Given information:
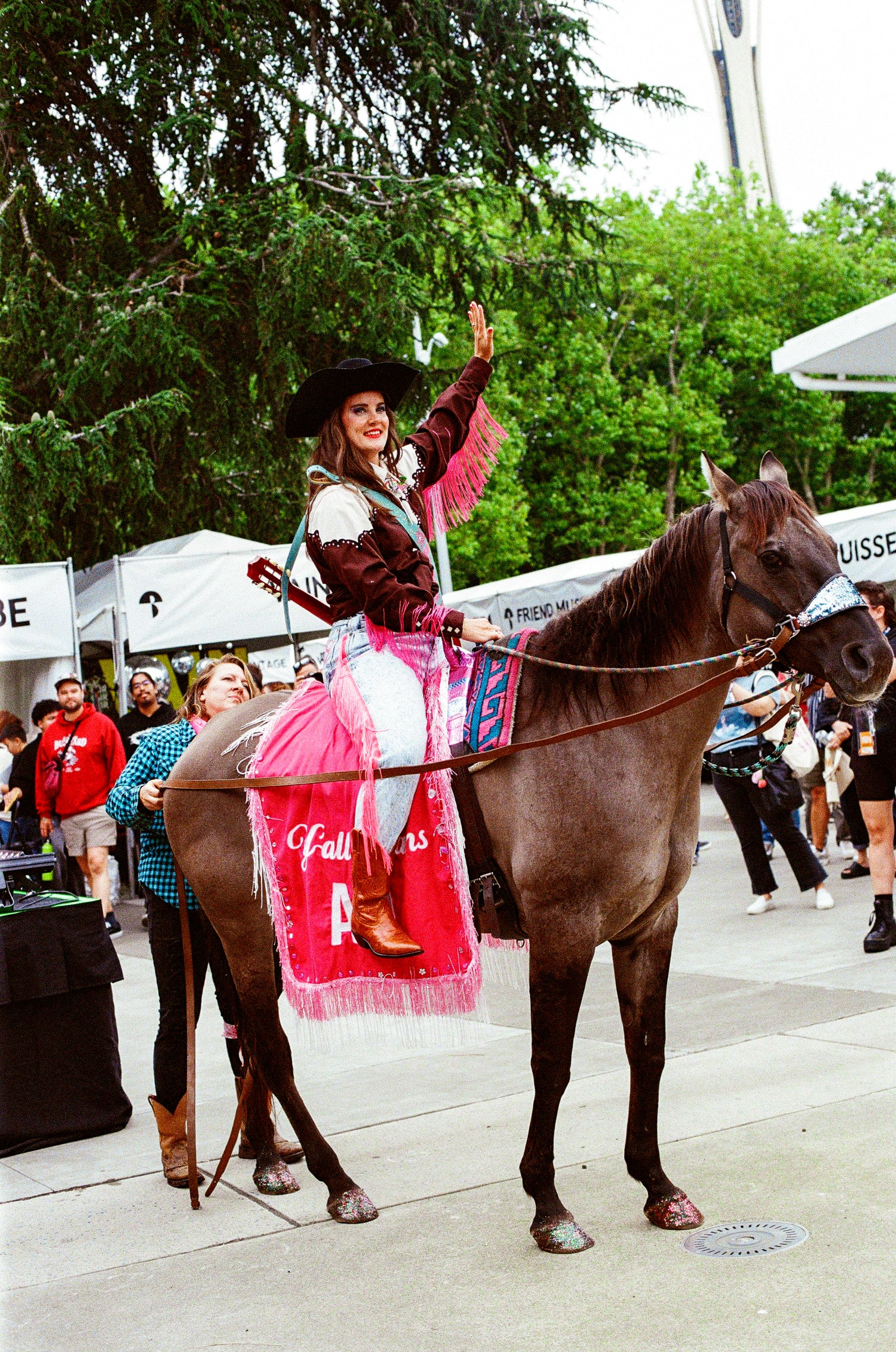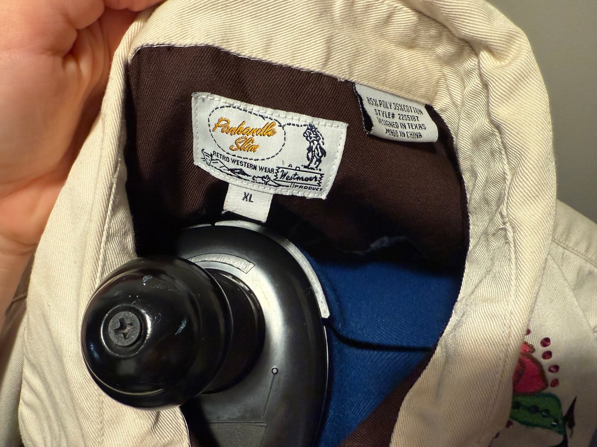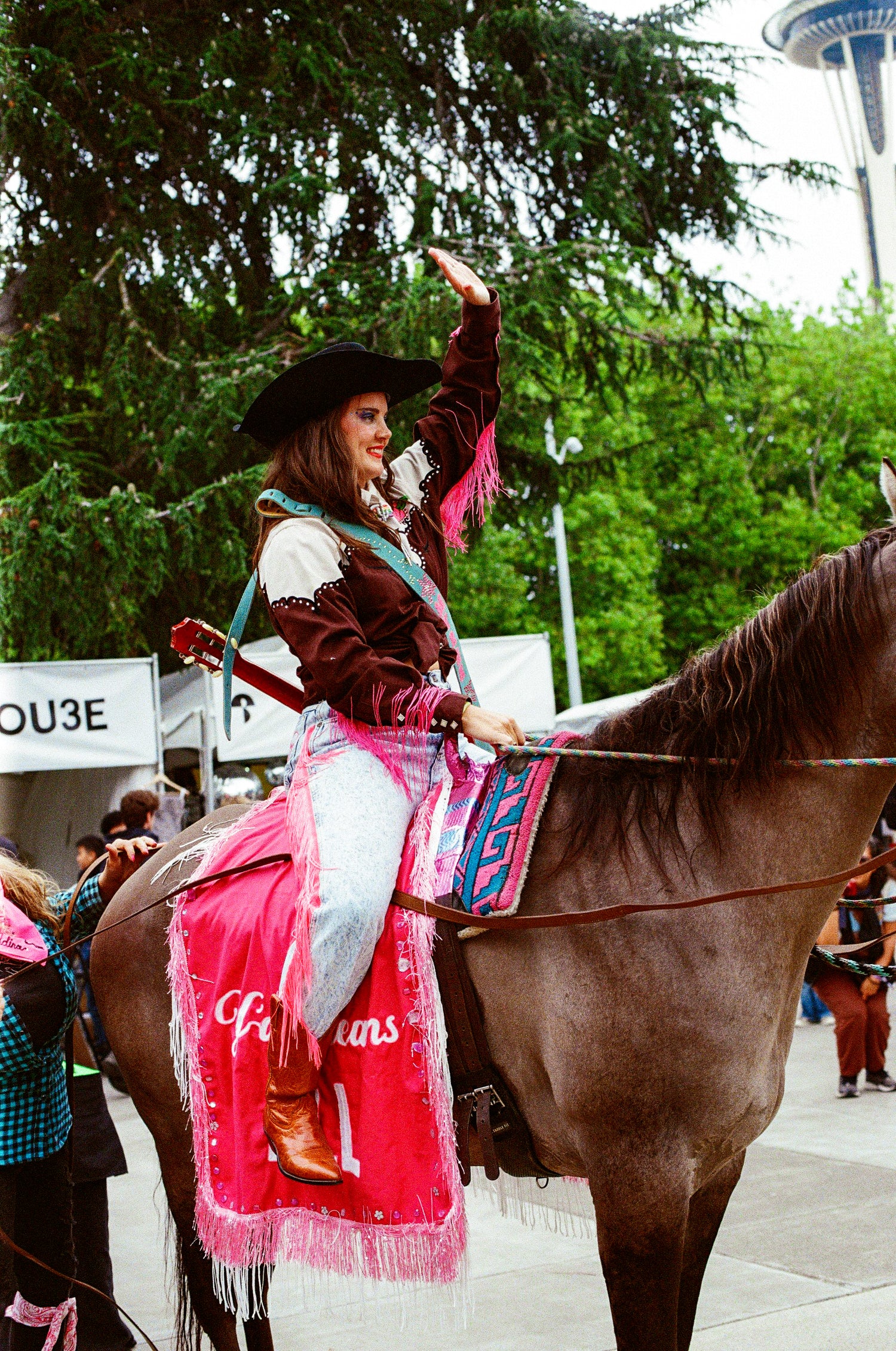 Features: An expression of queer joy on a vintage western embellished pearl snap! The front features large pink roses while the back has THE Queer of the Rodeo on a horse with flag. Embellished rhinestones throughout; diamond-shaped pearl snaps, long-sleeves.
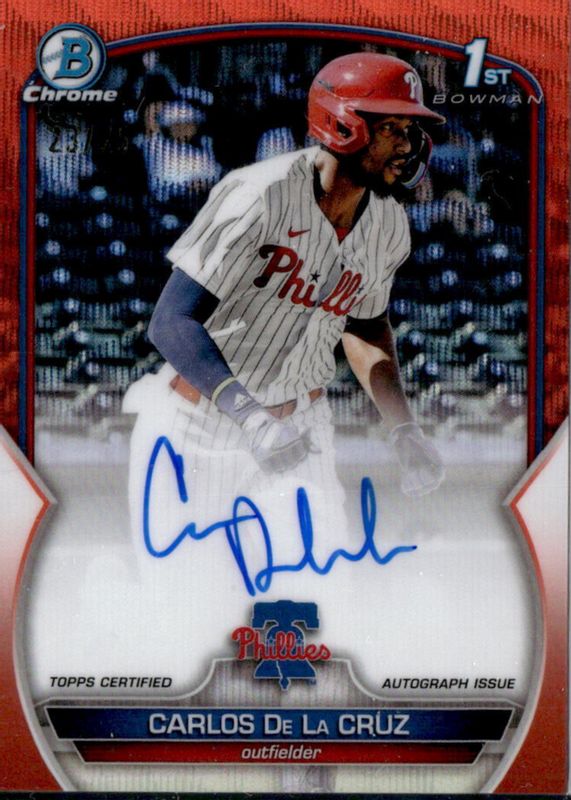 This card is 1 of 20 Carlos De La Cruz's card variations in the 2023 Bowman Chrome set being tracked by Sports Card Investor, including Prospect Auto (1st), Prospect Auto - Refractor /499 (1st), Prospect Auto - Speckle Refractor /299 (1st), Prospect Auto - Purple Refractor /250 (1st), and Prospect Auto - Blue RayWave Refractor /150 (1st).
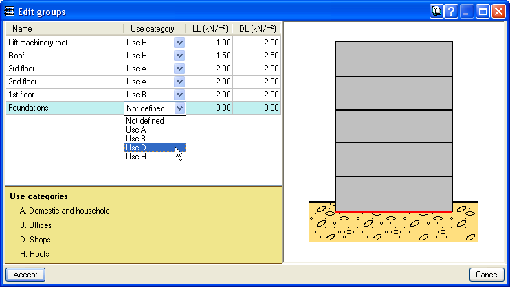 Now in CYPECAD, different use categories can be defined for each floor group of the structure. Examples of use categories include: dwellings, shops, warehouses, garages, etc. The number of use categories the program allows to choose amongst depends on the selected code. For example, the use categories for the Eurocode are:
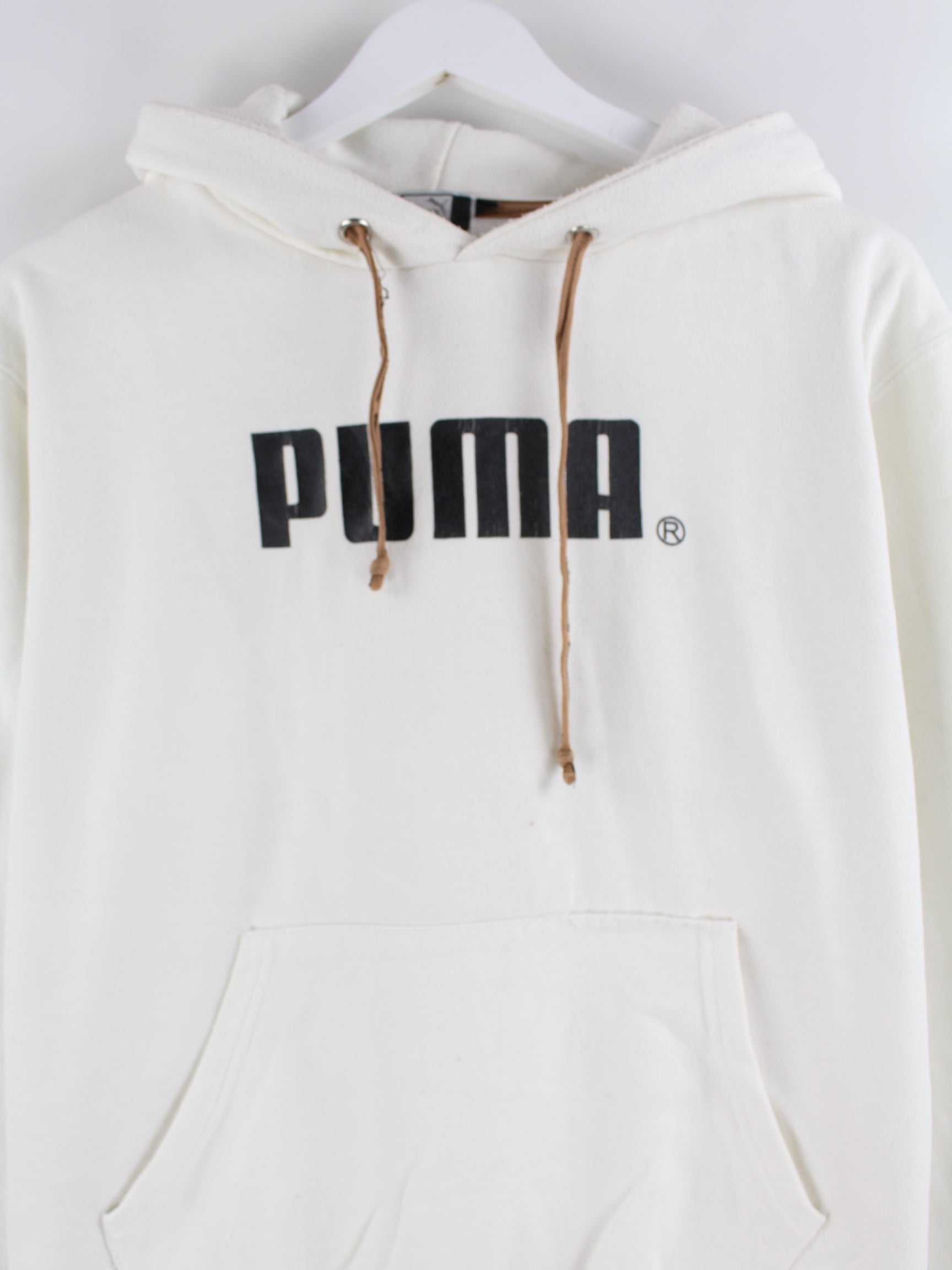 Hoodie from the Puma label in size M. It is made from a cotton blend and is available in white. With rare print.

Work item:
What is needed is an exact copy of the lines from the beginning of the data through the line containing "This card is", both included, without any pictures.

Expected output:
 Features: An expression of queer joy on a vintage western embellished pearl snap! The front features large pink roses while the back has THE Queer of the Rodeo on a horse with flag. Embellished rhinestones throughout; diamond-shaped pearl snaps, long-sleeves.
 This card is 1 of 20 Carlos De La Cruz's card variations in the 2023 Bowman Chrome set being tracked by Sports Card Investor, including Prospect Auto (1st), Prospect Auto - Refractor /499 (1st), Prospect Auto - Speckle Refractor /299 (1st), Prospect Auto - Purple Refractor /250 (1st), and Prospect Auto - Blue RayWave Refractor /150 (1st).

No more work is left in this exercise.